These findings are not surprising given that SCHIP children may differ from their Medicaid counterparts by a matter of a few dollars of monthly family income. Moreover, an SCHIP child in 1 state might well be a Medicaid enrollee in another; indeed, in each 1 of the 5 states studied, SCHIP children have Medicaid siblings. The lack of any clear demarcation between Medicaid and SCHIP across states and sometimes even within a state is an important point to keep in mind as any change in either program is contemplated.

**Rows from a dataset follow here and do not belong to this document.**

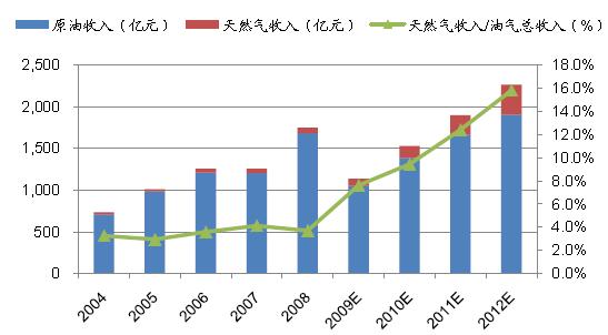 導語:中國石化2008 年天然氣收入占上游油氣總收入的比重不到4%,主要原因也是現在天然氣價格偏低;2009年由于上游原油實現價格走低,我們預計中石化2009年天然氣收入占上游油氣總收入的比重將超過7%。
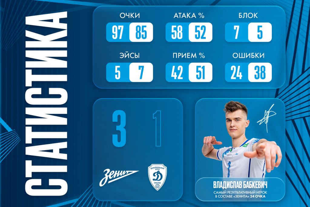 Зенит (Санкт-Петербург) — Динамо (Москва) — 3:1 (25:21, 22:25, 25:19, 25:20)
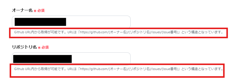 「オーナー名」「リポジトリ名」は、入力欄下の説明に従って、入力してください。
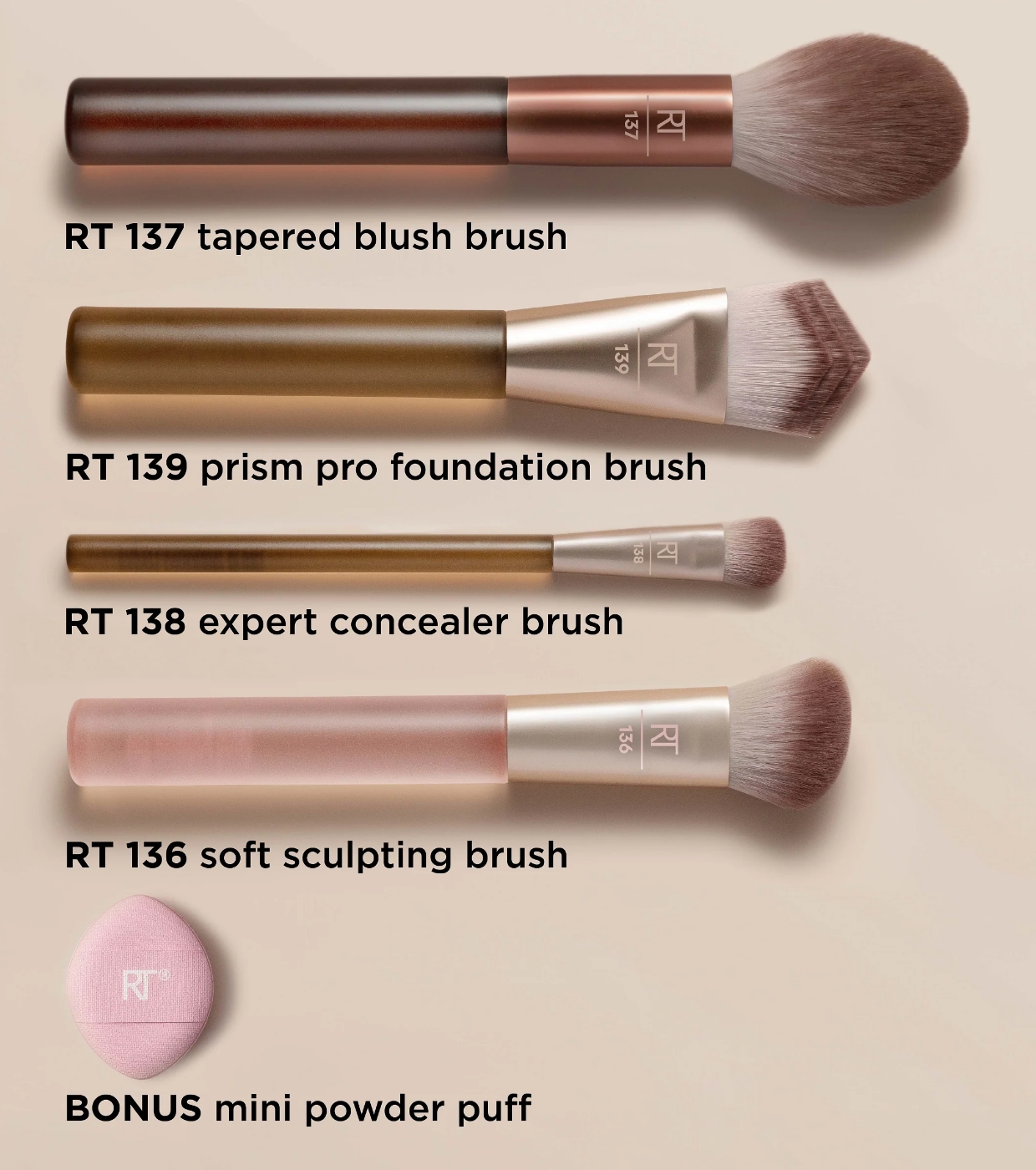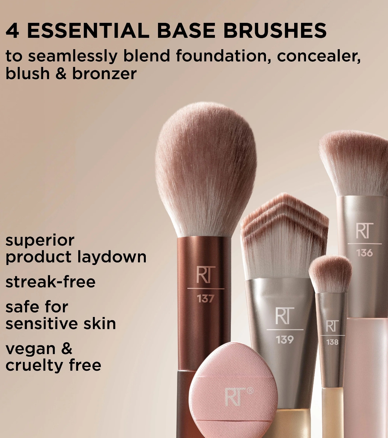 Die Pinsel eignen sich perfekt für flüssige, cremige und pudrige Produkte wie Foundation, Konturpuder, Bronzer, Concealer oder Rouge und ermöglichen ein gleichmäßiges Verblenden sowie ein natürliches, airbrush-ähnliches Finish.
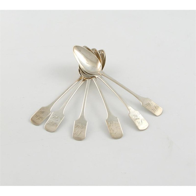 A set of six George III Scottish provincial silver Fiddle pattern teaspoons,

The findings from these articles regarding the depth of health care needs and the dependence on publicly funded insurance are crucial in any environment. In the current environment, they are urgent. The nation now is facing the widespread collapse of state investments in health, education, and social welfare programs under the weight of a pervasive and long-term economic slowdown. As the Americans most dependent on these investments to develop into productive citizens, children have the most to lose by the loss of these direct investments. And, where health coverage is concerned, these studies suggest that the children who lose support will be disproportionately from racial and ethnic minorities and burdened by special needs and a lack of alternative coverage. The question now becomes whether Congress will respond to this grim scenario with investment or funding-reduction policy. In January 2003, the Bush Administration in its fiscal year 2004 budget sketched out a plan to effectively replace most of Medicaid (and all of SCHIP) with 2 limited aggregate allotments to states. Over a 10-year time period, these allotments would significantly reduce federal funding to states. The only means by which such reductions could be absorbed without shifting tens of billions of dollars of financial responsibility onto state governments is to remove the very requirements in both Medicaid and SCHIP that have made them the largest single combined insurer of children in the US and an absolutely essential source of insurance coverage for health and medical services necessary to address chronic illness and disability. Whether Congress pursues the administration’s recommendations or rejects them in favor of a strategy of heightened investment in lower-income children and their families at a time of enormous national need remains to be seen.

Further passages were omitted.